Play and humor are essential feature of learning and advanced human cognition. We're more creative and effective when we give a our brains a little stimulation. When you treat programers as code generating machines you get less out of them than if you treat them as code generating animals.

Comment Re:Bring on the discussion of fair sentencing... (Score 4, Insightful) 230

I agree with you. From what I can see the normal prison term for aggravated identity theft is five years and for extortion of $30,000 is about 2 years or a bit more depending on prior criminal record, so a five to seven year sentence would be normal and actually feels reasonable to me. There's no question that this guy's behavior was abominable and deserving of punishment, but the novelty of the offense is not an aggravating factor. It just triggers revulsion more powerfully than heinous acts we're more habituated to. It's natural when confronted with a novel offense to want to stamp it out, but it can't be done this way.

We'll probably never get past the notion that outrageous punishments deter crime, even though we see that proposition disproven every time we see people speeding through a section of highway posted for $500 construction zone fines. The fact that the sight of a car that looks like it might be a police cruiser makes people tap their brakes even in an ordinary speeding fine zone should tell us something. It's the likelihood of punishment that modifies people's behavior, not the magnitude. A $50 fine you think you'll probably get is more powerful than a $500 fine you believe you probably won't get.

What keeps this kind of futile draconian sentencing going is accepting the "well at least we're doing something" standard as good enough. If you think about it, that's a very low standard of performance. In fact it's not a standard of performance at all. Nothing could be simpler than passing a law mandating extremely harsh sentences or inflating sentences by gaming the sentencing guidelines in unusual ways but those actions aren't going to work and are arguably unconstitutional.

Comment Re:c'mon (Score 3, Informative) 306

That sounds very much like a gender-based stereotype.

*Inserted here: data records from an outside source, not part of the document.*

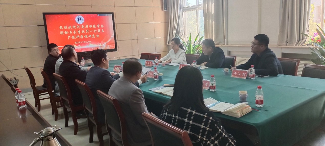 与地理信息行业产教研学深度融合,搭建校企合作交流平台,提高人才培养能力,促进学生更充分、更高质量就业,河南省测绘学会副秘书长李跃升一行3人于10月20日到我校开展校企合作交流。学院党委书记郭晓旻在座谈会中会见李跃升一行,副院长傅洪亮、刘宏月、院学工部、空间信息与数字技术系教师代表参加座谈。
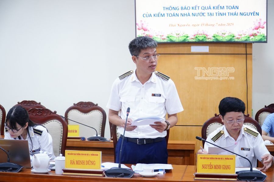 Phát biểu tại Hội nghị, đồng chí Trần Minh Khương, Phó Tổng Kiểm toán nhà nước đánh giá cao sự quan tâm chỉ đạo của tỉnh Thái Nguyên trong triển khai các nội dung về thực hiện ngân sách địa phương, triển khai các chính sách ưu đãi đầu tư tại khu công nghiệp và việc ứng dụng công nghệ thông tin, chuyển đổi số. Đồng chí đề nghị UBND tỉnh Thái Nguyên sớm bổ sung 2 báo cáo góp ý đối với Báo cáo kiểm toán, đồng thời tập trung thực hiện các nội dung đã được Đoàn kiểm toán chỉ ra. Đồng chí cũng đề nghị Đoàn kiểm toán rà soát các nội dung đề nghị của UBND tỉnh Thái Nguyên để hoàn thiện báo cáo theo quy định./.
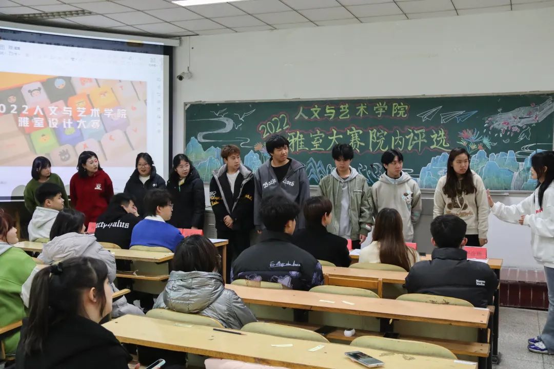 为促使广大同学积极参与寝室文明建设,创造积极向上,和谐健康的寝室环境,营造学习生活氛围,促进大学生身心发展,增强学生之间的友谊和谐创作新精神。2022年11月20日人文与艺术学院举办了主题为:“‘室’逢其会,一见终‘寝’”的雅室大赛。
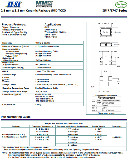 ILSI晶振,I547晶振,溫補(bǔ)振蕩器.有源晶振,是只晶體本身起振需要外部電壓供應(yīng),起振后可直接驅(qū)動(dòng)CMOS 集成電路,產(chǎn)品本身已實(shí)現(xiàn)與薄型IC(TSSOP封裝,TVSOP封裝)同樣的1mm厚度,斷開時(shí)的消費(fèi)電流是15 µA以下,編帶包裝方式可對(duì)應(yīng)自動(dòng)搭載及IR回流焊接(無鉛對(duì)應(yīng))產(chǎn)品有幾種電壓供選1.8V,2.5V,3V3.3V,5V,以應(yīng)對(duì)不同IC產(chǎn)品需要.
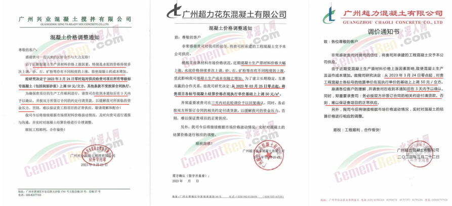 同期多地砂石骨料、粉渣微粉、商砼企業(yè)也通知上調(diào)報(bào)價(jià)。其中廣東部分商砼企業(yè)一次性上調(diào)50元/噸。
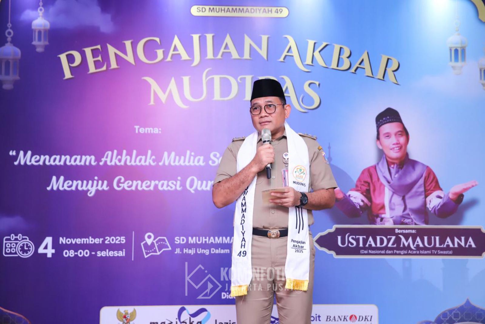 Wali Kota Administrasi Jakarta Pusat Arifin menghadiri Pengajian Akbar SD Muhammadiyah 49 Kemayoran, di halaman sekolah setempat, Selasa (4/11).
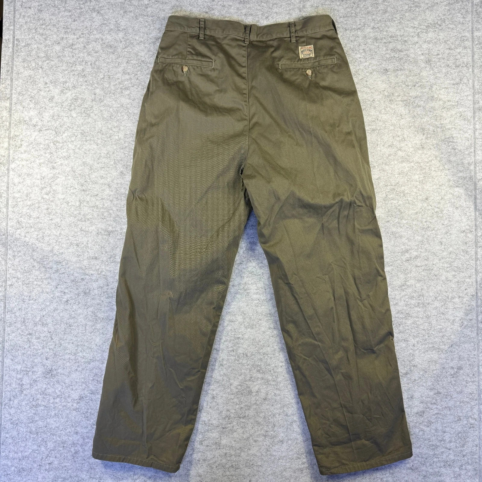 Details: - Brand: Polo by Ralph Lauren - Model / Line: Pleated Chino - Size: Tagged 34x30 - Color: Olive Green - Material: 100% Cotton - Made in: USA - Era / Season: Early-to-mid 1990s — navy serif "Polo by Ralph Lauren / Made in U.S.A." label - Construction: Double pleat front, straight leg, rear button welt pockets with Polo crest patch, belt loops, zip fly
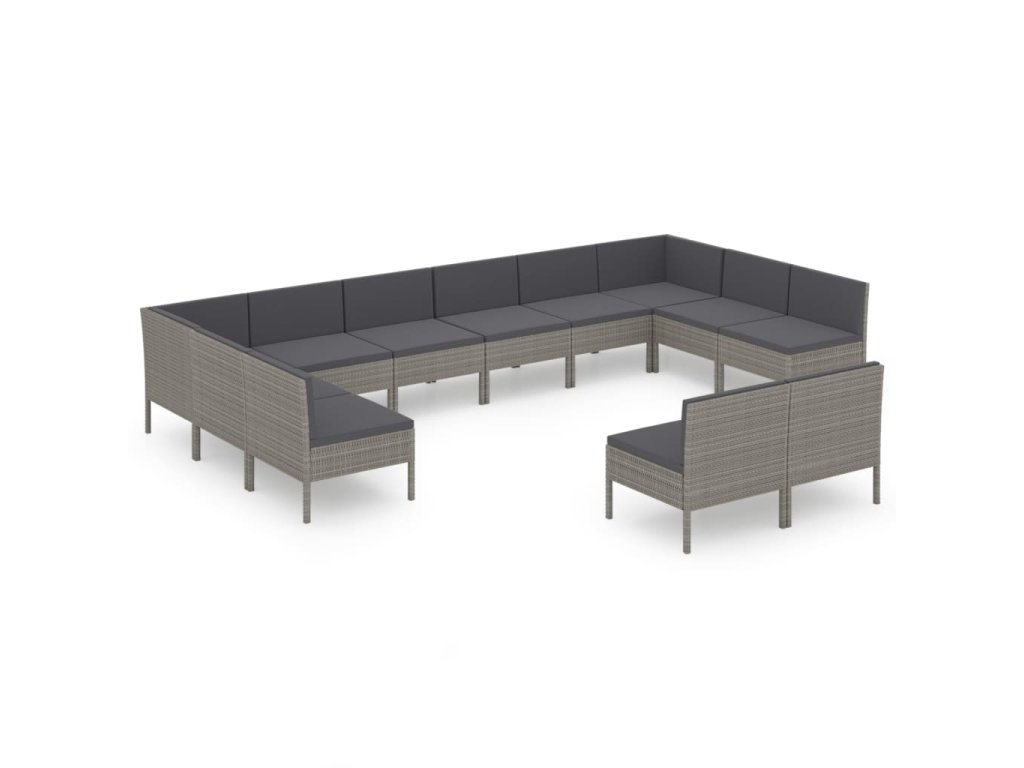 12dílná zahradní sedací souprava s poduškami polyratan šedá 3094614

I don't think you quite understand what that word means. A stereotype is a simplistic model that is held as if it were true of *all* members of some group. So if I say, "blacks are poorer than whites in the US," that's not a stereotype, it's a statistical assertion about differences in economic attainment between groups in aggregate. But if I say "Blacks are poorer because blacks are lazy," that's using a stereotype because it attributes something inherent to blackness. Likewise if I say "Bob can't own that Mercedes because he's black," I'm implicitly stating that all blacks are too poor to own a Mercedes so that's a stereotype. If I were to say "the rate of Mercedes ownership is lower among blacks than whites" that is not a stereotype but a (made-up) statistical assertion.

So now I'm ready to tackle your question. Hitherto, men have not requires as much protection from sexual harassment as a group, because they have as a group dominated positions of authority and indeed all jobs except in a few professions like teaching and nursing. There have been cultural attitudes that give preference to men in hiring and salary, all other things being equal.

However that's a far cry from saying no man hitherto has ever needed legal protection for sexual discrimination or harassment. For example, it is legally possible to be harass or discriminate against people of the same sex. If your boss pressures you for homosexual sex, that's still sexual harassment.